President Donald Trump made a pitch for national unity and strong borders in his maiden State of the Union address on Tuesday, calling for “one American family” after a year plagued by acrimony, division and scandal.
Delivering his biggest speech of the year , this most polarising of presidents sought to put the spotlight on a robust Trump economy, while pointedly calling on a packed joint session of Congress to enact hardline curbs on immigration.
“Tonight, I call upon all of us to set aside our differences, to seek out common ground, and to summon the unity we need to deliver for the people we were elected to serve,” he said.
Trump’s opening tone was uncharacteristically conciliatory, although it bridged no compromise on his drive to reduce immigration – which he painted as responsible for a plethora of social ills.
He touched on a range of foreign policy issues – including, in an emotive moment, offering the spotlight to crippled North Korean amputee defector Ji Seong-ho, who waved a crutch in the air as he received a prolonged standing ovation.
But Trump’s State of the Union, the third longest on record at one hour twenty minutes, was overwhelmingly focused on domestic concerns.
Seeking to enliven his own base, Trump spoke at length on the need for immigration reform, drawing hisses from the opposition as he equated immigrants with criminality and economic tension and spoke of “chain migration.”
For decades, he lamented, “open borders” had allowed “drugs and gangs to pour into” the United States. He again called for the construction of a border wall that remains unfunded in Congress.
The address, often seen as a blueprint for the year to come for the United States, drew sharp reactions from global media.
A CNN op-ed warned about taking Trump’s address seriously, as it would be a ‘mistake’. “Yes, past presidents have used the annual State of the Union address as part wish list/part outline of their coming year. But Trump is not like any president that has held the office before. So we need to stop using the same old frameworks – and guideposts – to describe and measure him.”
The piece argued that best way to think about and analyse Trump as a day-to-day president, and lamenting on his address was to digress from the issues at hand. In his speech, the 71-year-old real estate mogul and reality TV star touted a long bull run on Wall Street and improving growth rates, something the White House has dubbed a “Trump bump.”
“The stock market has smashed one record after another, gaining $8 trillion in value,” he said, even though that narrative suffered a setback on Tuesday when stocks suffered their biggest drop in eight months amid fears of a bubble.
The New York Times , however, argued that while Trump can sell an improved economy, he cannot sell himself to America. “The challenge for Trump is that even as he sells the economy with the fervour of a real estate developer, he has not been able to sell himself. His approval ratings remain at historic depths and effectively unchanged after a year in office. His success at passing tax cuts and the continued progress of the economy he inherited have not changed the dismal views that a sizable majority of Americans hold of their president.”

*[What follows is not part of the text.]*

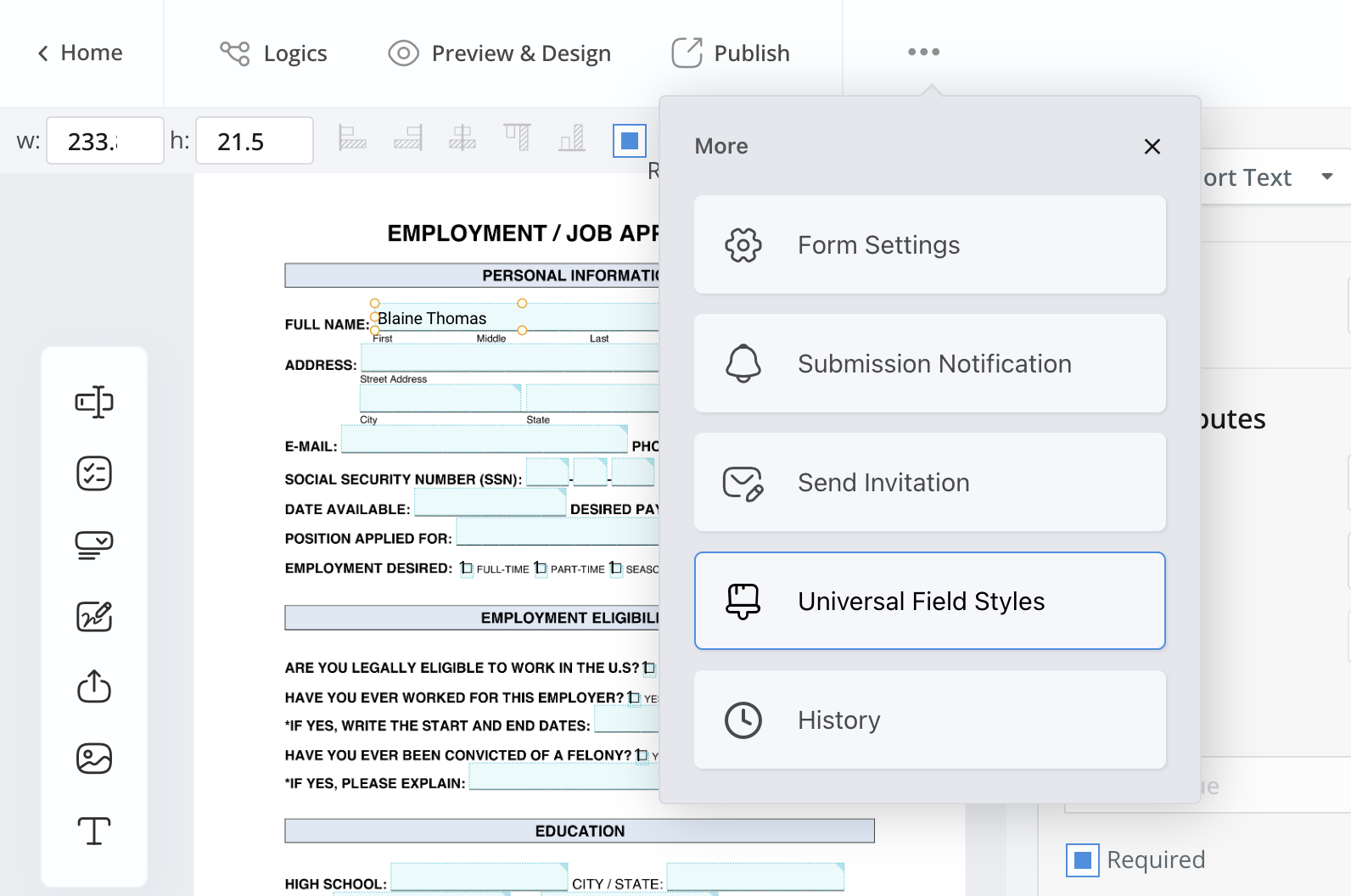 In the Form Builder, click the ••• icon, and select Universal Field Styles to set universal field font styles that apply to the entire form.

The piece pointed out that Trump’s outsize personality has so polarised the country that he may not be able to win over many converts easily, even with opportunities like a national television audience of tens of millions.
Contrasting the change in his tone from his address to the Congress 11 months ago, that was warmly received, a BBC article said: “Eleven months ago, the newly inaugurated president gave a speech to Congress that was warmly received, even by some Trump critics on the left. Trump at one point pledged to put ’trivial fights behind us’. It hasn’t exactly turned out that way.”
“Now the president is again preaching national unity. The question is whether a divided American public - nearly half of whom ‘strongly disapprove’ of the president - can still be converted,” the piece added.
“The United States is a compassionate nation” Trump had said in his address, “but as president of the United States, my highest loyalty, my greatest compassion, and my constant concern is for America’s children, America’s struggling workers, and America’s forgotten communities.”
The Atlantic , meanwhile, pointed out how the long, surprisingly standard speech ignored the tumultuous lived reality of American politics over the past year—and the likely reality in the year to come. Faced with the challenge of presenting new proposals when many of the old ones are still on the table, Trump decided to conjure his own reality, outlining a set of some accomplishments, delivering the standard list of policy proposals, and ignoring the Russia probe altogether, the piece said.
“… Not only was the picture he painted of America removed from reality, but Trump himself was also practically unrecognisable. The speech somehow managed to render Trump the one thing he almost never is: boring,” the report said.
Another Washington Post article highlighted Trump’s penchant to alter his tone to suit the occasion. It noted that a special version of the president emerges on special occasions, with his smooth, modulated voice. No shouts, no big gestures, not a mention of “radical Islamic terrorism” or “a network of lawless savages.”
“The Donald Trump who delivered his first State of the Union address Tuesday night referred instead to ‘IS’. He didn’t say a word about his opponents, nothing about the critics. The man who rose to power on a wave of inflammatory rhetoric sounded as if he’d been doused with a warm glass of milk, the piece said.”